Flow strategy triggers — vix, regime, momentum, and when each fires
A tour of the flow builder triggers, what each one detects, and when they fire on historical data
The flow builder lets you compose simple if/then rules over historical market data. Each rule starts with a trigger — a condition that fires when the market state crosses a threshold — and ends with an action like 'rebalance to portfolio B'.
vix_trigger watches the CBOE Volatility Index. A typical configuration fires when VIX closes above 30, which has historically coincided with significant equity drawdowns. The action node attached to the trigger decides what happens — often a shift into lower-volatility holdings.
regime_trigger uses a regime-classification model to label each day as bull, bear, or chop. It fires on the transition: bull-to-bear flips can be the highest-confidence signal in the toolkit because they require sustained downside, not a one-day fakeout.
momentum_trigger fires when a rolling N-month return on a benchmark crosses zero (or any threshold you choose). The 12-1 momentum signal — 12-month return excluding the most recent month — is the variant most often cited in academic work.
Triggers do not predict the future. They react to a state change that has already happened in the data. Use them to formalise a rule you would otherwise apply by gut feel — not as a forecast and not as a recommendation.

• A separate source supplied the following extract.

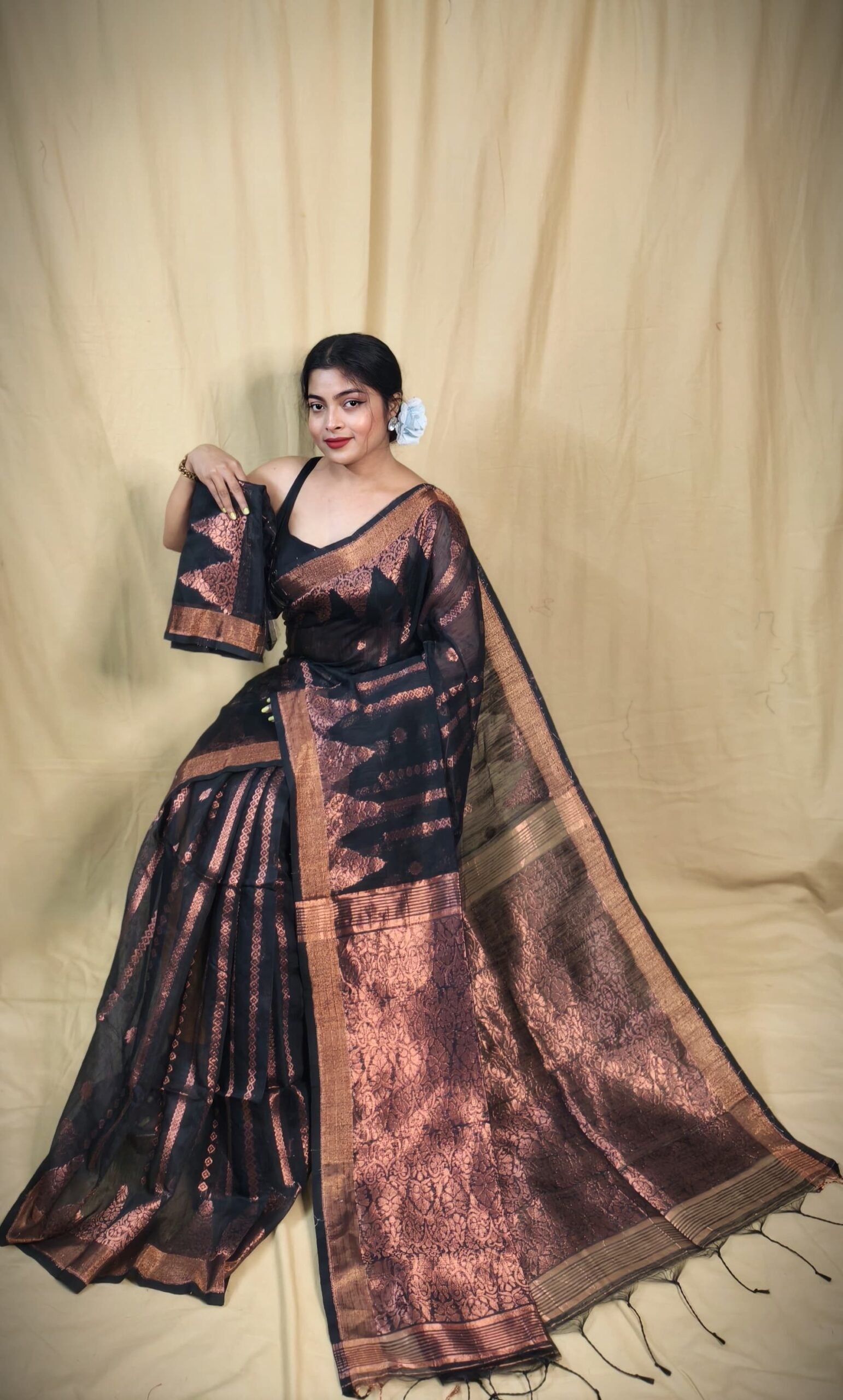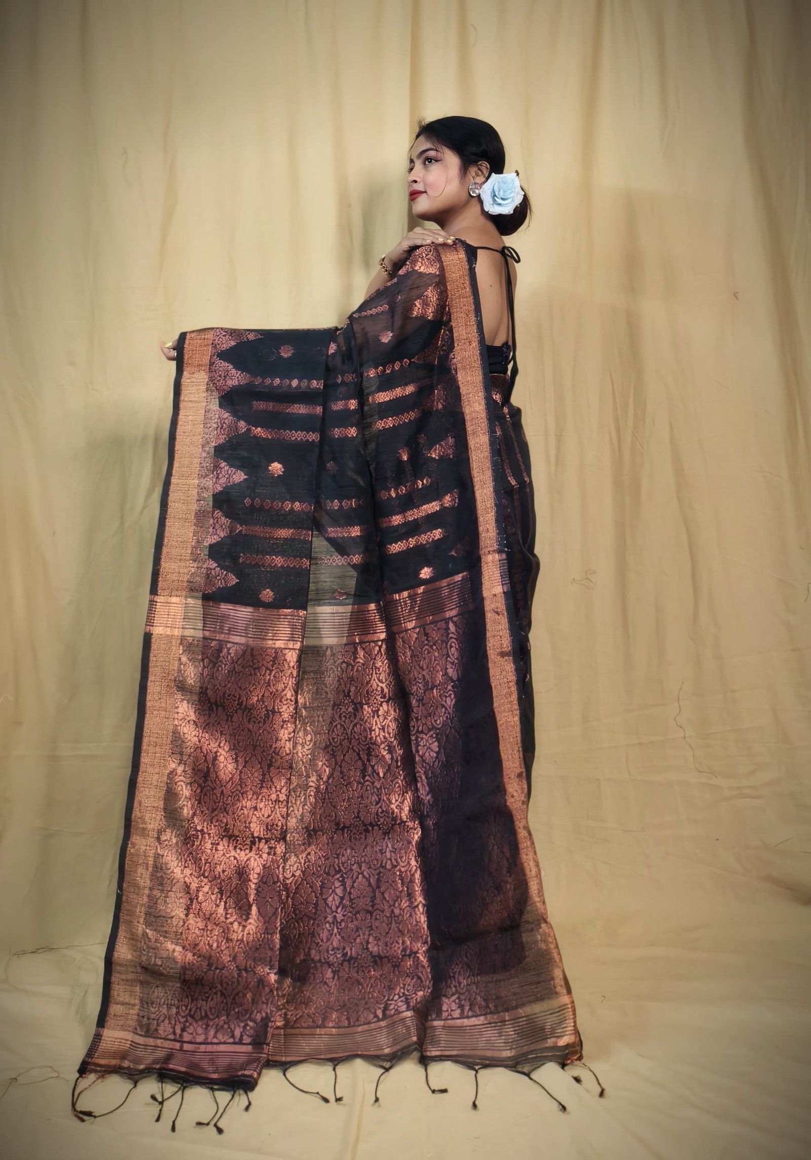 The border is beautifully finished with a delicate weave, complemented by tassel detailing at the end for added charm. Made from a premium blend of cotton and silk, this saree offers both softness and a subtle sheen, ensuring comfort with sophistication. Perfect for weddings, festivals, or grand celebrations, it comes with a matching blouse piece to complete the traditional ensemble. A timeless choice for the modern woman who appreciates heritage artistry.

Triggers fire at the daily close in the backtest. Real-world execution has slippage, taxes, and bid-ask costs that the flow tool does not model — strategies that look good on paper can be net-losers after frictions.
Stack triggers carefully. AND-ing two strict conditions can cut the number of fires to almost zero, leaving a strategy that does nothing for years. OR-ing two loose conditions can turn the strategy into a perpetual trading machine.
Walk-forward test before you trust a flow strategy. A rule tuned to fire in 2008 and 2020 may not generalise to a new regime; the flow builder timeline view shows you exactly which historical events the rule reacted to.